Why use cross-validation?

Suppose we teach children to learn addition:

1 apple + 1 apple = 2 apples.

When we retest, we ask:

1 banana + 1 banana = how many bananas?

If the child knows "2 bananas" and has no problem switching to something else, then we consider the child to have learned the point "1+1=2".

If the child only knows "1 apple + 1 apple = 2 apples" but has no problem switching to something else, then we cannot say that the child has learned the point "1+1=2".

Evaluating whether a model has learned 'a skill' also requires evaluating it with new data, not with data from the training set. This kind of validation method, where the 'training set' and 'test set' are completely different, is called cross-validation.

3 Main Cross-Validation Methods

Holdout cross-validation

As mentioned above, the data set is statistically divided into a training set, a validation set, and a test set according to a fixed ratio. The method mentioned above is the holdout method.

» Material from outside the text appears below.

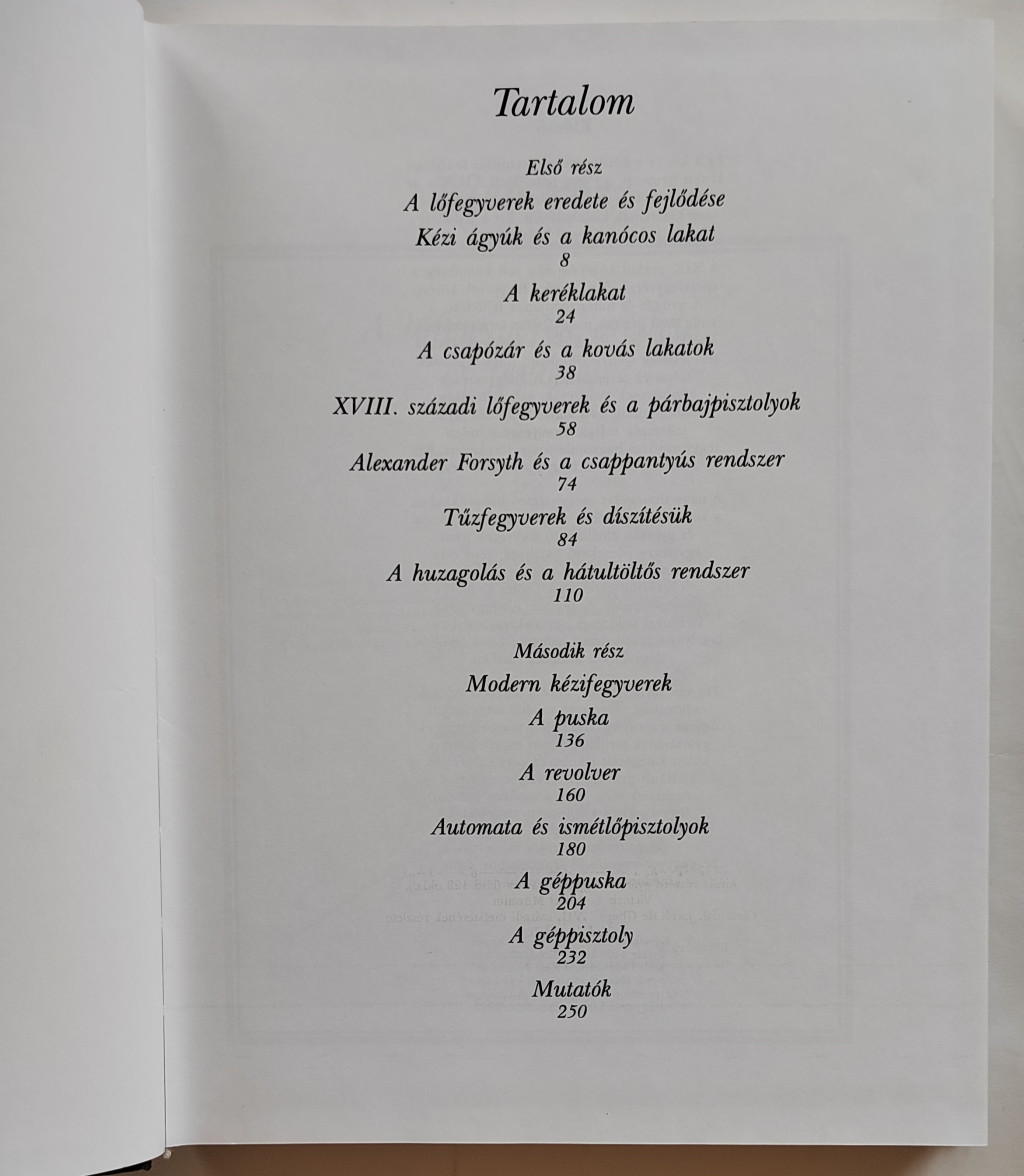 Ez a könyv a kézifegyverek technikai fejlődését követi nyomon, a lőpor feltalálásától kezdve az automata fegyverek modern, gázdugattyús szerkezeteinek kialakulásáig.
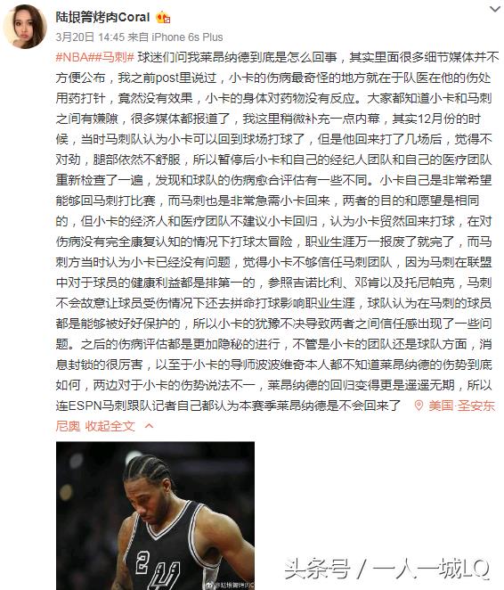 烤肉姐最后一条微博发布的时间是沃神爆料后的3小时内,所以里面的很多内容都是针对Woj报道的内容进行了她自己的说明,咱们就说一点,看马刺这些年球,他们的保密工作啥水平大家伙也都略知一二,在小卡康复消息严密封锁前提下,沃神爆料的可信度就要大打折扣了,开会应该是确有其事,但“激烈讨论”“恳求回归”等说法有可能就是记者二次加工后的杰作了。毕竟马刺是联盟中唯二能让沃神遭遇滑铁卢的对象(另外一个是老詹)。

Leave one out cross-validation

Each time the test set has only one sample to be trained and predicted m times. The data used for training in this method is only one sample less than the overall dataset, and therefore is closest to the distribution of the original samples. But the training complexity increases because the number of models is the same as the number of samples of the original data. It is generally used when there is a lack of data.

k-fold cross validation (k-fold cross validation)

The static leave-out method is sensitive to the way the data is divided, and it is possible that different models are obtained from different divisions. The "k-fold cross-validation" is a dynamic validation method that can reduce the impact of data division. The specific steps are as follows:

Divide the dataset into a training set and a test set, and put the test set aside.
Divide the training set into k copies
Each time, use 1 of the k copies as the validation set, and all the others as the training set.
After k training sessions, we get k different models.
Evaluate the effectiveness of the k models and select the best hyperparameters from them
Use the optimal hyperparameters and retrain the model using all k copies as a training set to get the final model.

k is usually set to 10. When the amount of data is small, k can be set larger, so that the training set accounts for a larger proportion of the overall data, but the number of models trained at the same time also increases. When the amount of data is large, k can be set smaller.